Riset kuantitatif adalah riset yang menggambarkan atau menjelaskan suatu masalah yang hasilnya dapat digeneralisasikan. Dengan demikian tidak terlalu me-mentingkan kedalaman data atau analisis. Namun tetap harus bersifat objektif dan memisahkan diri dari data. 40
Penelitian deskriptif bertujuan untuk mendeskripsikan (memaparkan) peristiwa-peristiwa yang urgen terjadi pada masa kini. Pemaparan peristiwa tersebut dilakukan secara sistematik, akurat dan lebih menekankan pada data faktual. 41
3.2. Metode Penelitian
Peneliti ini menggunakan metode analisis isi untuk mengidentifikasi banyaknya ruang dan jenis acara hiburan yang dimuat dalam acara humor, terhadap masalah apa sajakah yang mendapat banyak perhatian dan dalam kategori apa. Menurut Flournor (1989), metode analisis isi merupakan teknik penelitian yang obyektif, sistematis dan terperinci tentang isi media massa. 42
Penerapan metode analisis isi yang diterapkan adalah melihat kecen-derungan isi media (meliputi bentuk penyajian dan isi pesan yang disampaikan) terhadap program “Bukan Empat Mata” di Trans 7.

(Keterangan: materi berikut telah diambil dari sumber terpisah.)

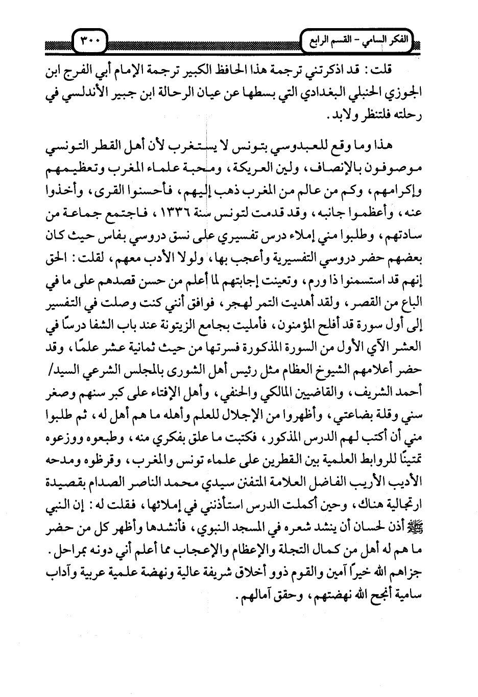 هذا وما وقع للعبدوسي بتونس لا يستغرب لأن أهل القطر التونسي موصوفون بالإنصاف، ولين العريكة، ومحبة علماء المغرب وتعظيمهم وإكرامهم، وكم من عالم من المغرب ذهب إليهم، فأحسنوا القرى، وأخذوا عنه، وأعظموا جانبه، وقد قدمت لتونس سنة 1336، فاجتمع جماعة من سادتهم، وطلبوا مني إملاء درس تفسيري على نسق دروسي بفاس حيث كان بعضهم حضر دروسي التفسيرية وأعجب بها، ولولا الأدب معهم، لقلت: الحق أنهم قد استسمنوا ذا ورم، وتعينت إجابتهم لما أعلم من حسن قصدهم على ما في الباع من القصر، ولقد أهديت التمر لهجر، فوافق أنني كنت وصلت في التفسير إلى أول سورة قد أفلح المؤمنون، فأمليت بجامع الزيتونة عند باب الشفا درسا في العشر الآي الأول من السورة المذكورة فسرتها من حيث ثمانية عشر علما، وقد حضر أعلامهم الشيوخ العظام مثل رئيس أهل الشورى بالمجلس الشرعي السيد/ أحمد الشريف، والقاضيين المالكي والحنفي، وأهل الإفتاء على كبر سنهم وصغر سني وقلة بضاعتي، وأظهروا من الإجلال للعلم وأهله ما هم أهل له، ثم طلبوا مني أن أكتب لهم الدرس المذكور، فكتبت ما علق بفكري منه، وطبعوه ووزعوه تمتينا للروابط العلمية بين القطرين على علماء تونس والمغرب، وقرظوه ومدحه الأديب الأريب الفاضل العلامة المتفنن سيدي محمد الناصر الصدام بقصيدة ارتجالية هناك، وحين أكملت الدرس استأذنني في إملائها، فقلت له: إن النبي -صلى الله عليه وسلم- أذن لحسان أن ينشد شعره في المسجد النبوي، فأنشدها وأظهر كل من حضر ما هم له أهل من كمال التجلة والإعظام والإعجاب مما أعلم أني دونه بمراحل. جزاهم الله خيرا آمين والقوم ذوو أخلاق شريفة عالية ونهضة علمية عربية وآداب سامية أنجح الله نهضتهم، وحقق آمالهم.

Jadi unit penelitiannya adalah media yaitu bentuk penyajian, tema, isi tayangan dan sebagainya pada program “Bukan Empat Mata”. Selanjutnya, analisis dilakukan dengan mengkuantifikasikan isi tayangan dengan menghitung jumlah frekuensinya dalam persentase.
Kegiatan pengumpulan data adalah prosedur yang sangat menentukan baik tidaknya sebuah riset. Jika tidak dirancang dengan baik, maka data yang diperoleh pun tidak sesuai dengan permasalahan penelitian.43
Dalam penelitian ini, peneliti memakai metode riset kuantitatif dokumentasi tayangan program “Bukan Empat Mata” di Trans 7 periode Agustus-September 2009. Tujuannya untuk mendapatkan informasi yang mendukung analisis dan interprestasi data.
42 Werner J. Severin-James W. Tankard, Jr, Teori Komunikasi, Sejarah, Metode, dan Terapan di dalam Media Massa. Alih Bahasa Sugeng Hariyanto, Kencana, Jakarta 2005.
43 Rahmat Kriyantono, Teknis Praktis Riset Komunikasi, Kencana, Jakarta, Cetakan ke-3, 2008.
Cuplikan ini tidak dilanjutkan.